Data for this task: Begin
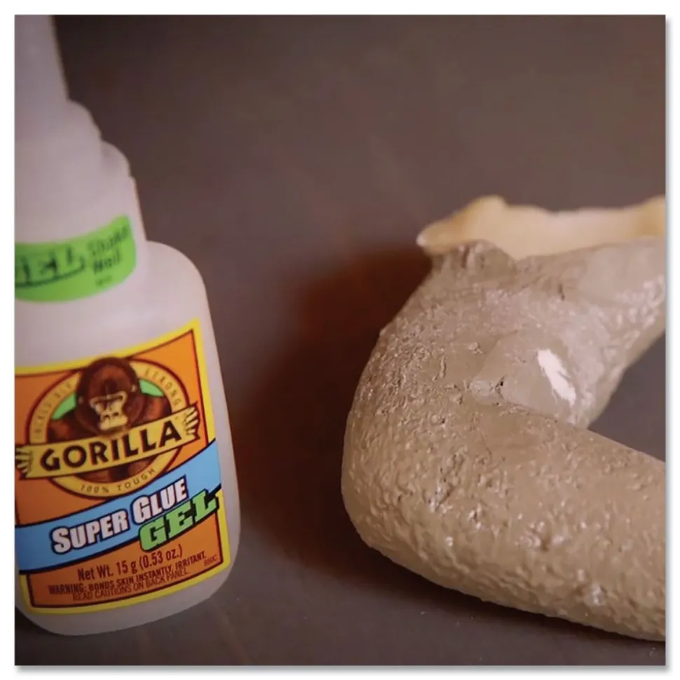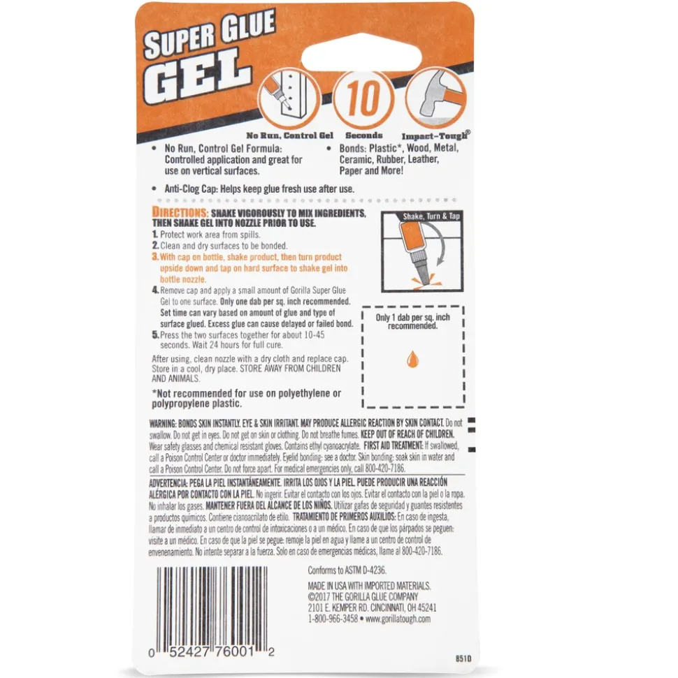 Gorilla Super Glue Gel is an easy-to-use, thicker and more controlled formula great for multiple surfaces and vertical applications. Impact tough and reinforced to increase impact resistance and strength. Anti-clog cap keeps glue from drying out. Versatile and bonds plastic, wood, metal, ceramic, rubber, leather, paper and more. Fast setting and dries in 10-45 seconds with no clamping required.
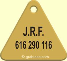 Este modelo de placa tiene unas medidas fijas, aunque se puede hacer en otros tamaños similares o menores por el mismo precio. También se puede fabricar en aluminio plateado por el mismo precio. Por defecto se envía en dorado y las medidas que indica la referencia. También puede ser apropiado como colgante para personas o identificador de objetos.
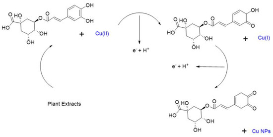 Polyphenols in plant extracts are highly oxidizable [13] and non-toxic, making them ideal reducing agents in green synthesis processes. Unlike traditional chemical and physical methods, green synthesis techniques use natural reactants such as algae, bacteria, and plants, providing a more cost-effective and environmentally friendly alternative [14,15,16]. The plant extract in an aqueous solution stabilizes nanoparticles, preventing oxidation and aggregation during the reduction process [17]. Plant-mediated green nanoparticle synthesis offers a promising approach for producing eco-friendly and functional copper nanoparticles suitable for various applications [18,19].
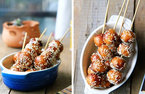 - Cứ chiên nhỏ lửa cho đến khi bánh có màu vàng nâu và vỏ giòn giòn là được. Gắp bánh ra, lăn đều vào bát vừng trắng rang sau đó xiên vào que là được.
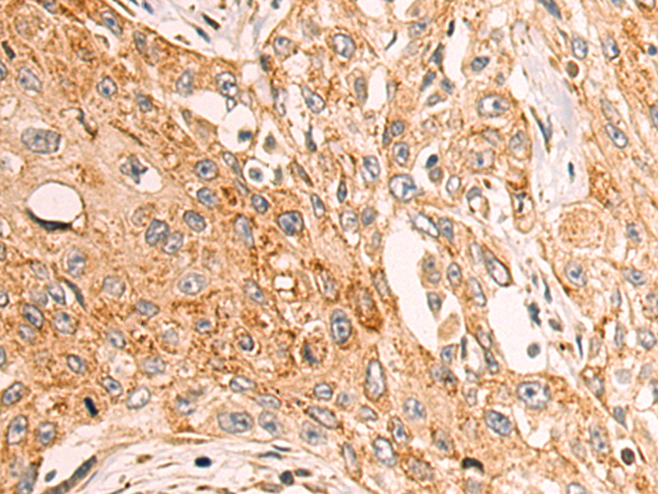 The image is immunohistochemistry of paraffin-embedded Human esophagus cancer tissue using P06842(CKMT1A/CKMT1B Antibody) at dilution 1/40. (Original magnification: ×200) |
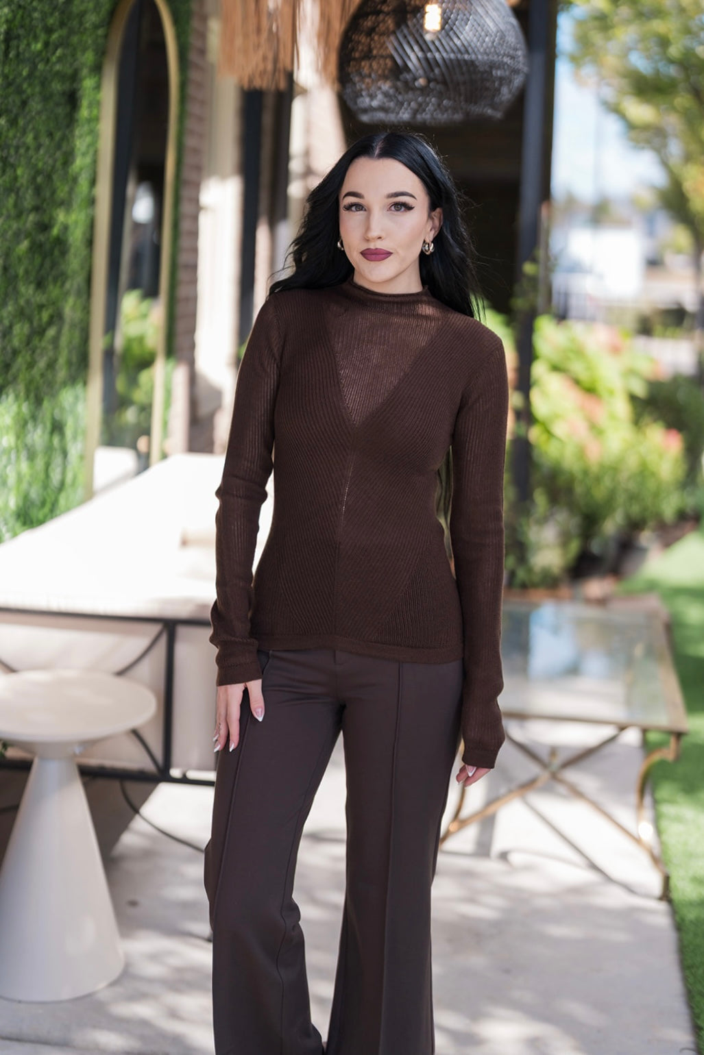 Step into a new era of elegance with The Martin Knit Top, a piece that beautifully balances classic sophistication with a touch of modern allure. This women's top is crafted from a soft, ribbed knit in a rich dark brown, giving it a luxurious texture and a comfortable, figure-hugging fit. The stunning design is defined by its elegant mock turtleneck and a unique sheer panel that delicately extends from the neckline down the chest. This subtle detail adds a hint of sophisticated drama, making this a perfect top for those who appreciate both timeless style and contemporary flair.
Data for this task: End
Data for this task: Begin
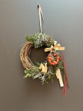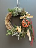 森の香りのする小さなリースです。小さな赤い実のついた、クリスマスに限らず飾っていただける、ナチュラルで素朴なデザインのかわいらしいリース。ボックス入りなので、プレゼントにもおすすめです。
Data for this task: End
> **What needs to be done**: Above are the records; copy from them only the lines starting at the one containing "- Cứ chiên nhỏ" and ending at the one containing "Step into a", exactly and without pictures.

> **Expected answer**:
 - Cứ chiên nhỏ lửa cho đến khi bánh có màu vàng nâu và vỏ giòn giòn là được. Gắp bánh ra, lăn đều vào bát vừng trắng rang sau đó xiên vào que là được.
 The image is immunohistochemistry of paraffin-embedded Human esophagus cancer tissue using P06842(CKMT1A/CKMT1B Antibody) at dilution 1/40. (Original magnification: ×200) |
 Step into a new era of elegance with The Martin Knit Top, a piece that beautifully balances classic sophistication with a touch of modern allure. This women's top is crafted from a soft, ribbed knit in a rich dark brown, giving it a luxurious texture and a comfortable, figure-hugging fit. The stunning design is defined by its elegant mock turtleneck and a unique sheer panel that delicately extends from the neckline down the chest. This subtle detail adds a hint of sophisticated drama, making this a perfect top for those who appreciate both timeless style and contemporary flair.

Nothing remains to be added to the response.